I figured some one would beat me to that one! But since you did......
DITTO!


----------



## Russianwolf (Apr 23, 2009)




----------



## Woodlvr (Apr 23, 2009)

I have one that is mounted on a board that someone donated a couple of years ago in the BB, I have never used it or been able to sell it. Go figure.


----------



## HawksFeather (Apr 23, 2009)

When I started turning there was a jig pictured that you could clamp on your bandsaw to cut off the corners.  It didn't make it round, but helped.  Where it worked the best for me was on some softer pieces of wood that (with limited turning skills) I would get a catch and sometimes ruin a pretty decent piece of wood.   Are you thinking of a jig along that line or something else?

Jerry


----------



## Xephius (Apr 23, 2009)

Jerry,

   That is exactly what I am speaking of. It was a nice little design to knock the corners off a blank to make it octagon shaped.

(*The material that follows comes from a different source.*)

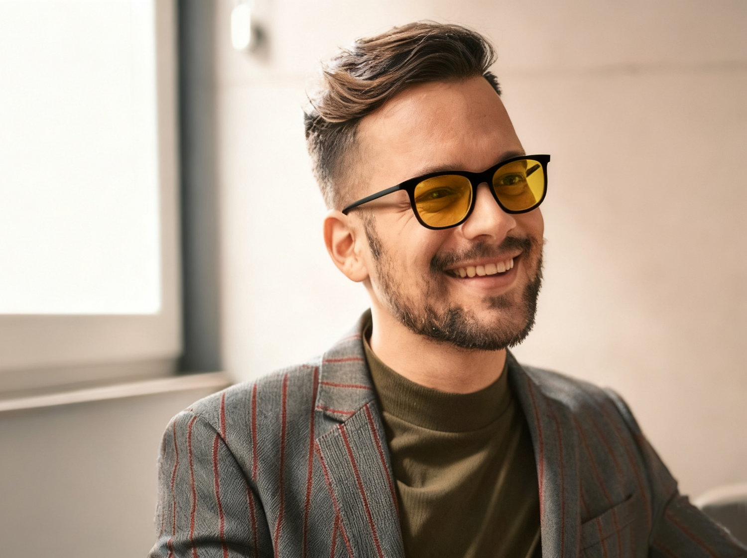Aiden H. Yellow Blue Light Glasses filter out 65% of blue light from screens, reducing glare and visual fatigue. The premium TR90 frame is lightweight yet durable, with scratch-resistant lenses that maintain clear, comfortable vision all day long.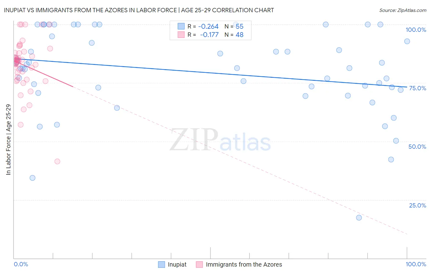 Inupiat vs Immigrants from the Azores In Labor Force | Age 25-29 Correlation Chart

  My wife and I are building complicated inlay/constructed blanks, and she had had trouble with a couple of them exploding on because they catch a little when first turning. I often will use the sander, or slice the corners off by hand using a clamp. She prefers to use a jig where her hands get nowhere near a blade/sander. My hope was to make up this jig so she could feel confident cutting the corners without me.

  I also would like to have it for the time when I build a blank with many metal layers. I have and can just pop it on the lathe and be gentle, but when I spend the better part of 4 hours building a segment, I don't want it to explode because the tool bites the blank..

  I will keep looking, or just build my own and post it up here...

-X



----------



## Bear-31 (Apr 23, 2009)

I think this is the one you are looking for. I downloaded them a while back. It's not mine and I haven't tried it yet. I haven't found a blank I wasn't willing to round on the lathe.


----------



## Xephius (Apr 23, 2009)

Bear,

   That is indeed what I was looking for. I will take a stab at it first thing next week. Thanks!

-X



----------



## HawksFeather (Apr 24, 2009)

Here are a couple of pictures of the one that I made.  It is nothing fancy, but gets the job done when needed.  I made it from a 14 inch piece of aluminum angle (because it would be the easiest to open the slot I needed) attached to a piece of scrap wood that I had cut at a 45 degree angle and attach it with a C clamped to the saw when I need it.  It is pretty easy to move and make any adjustments for larger or smaller blanks.  I have used it on some pen blanks but mainly 1 3/4 blanks.
















It is pretty straight forward, but if you have any questions let me know.

Jerry


----------



## bitshird (Apr 24, 2009)

Paul in OKC said:


> I figured some one would beat me to that one! But since you did......
> DITTO!



Me three Keith and Paul seem to be one and two,


----------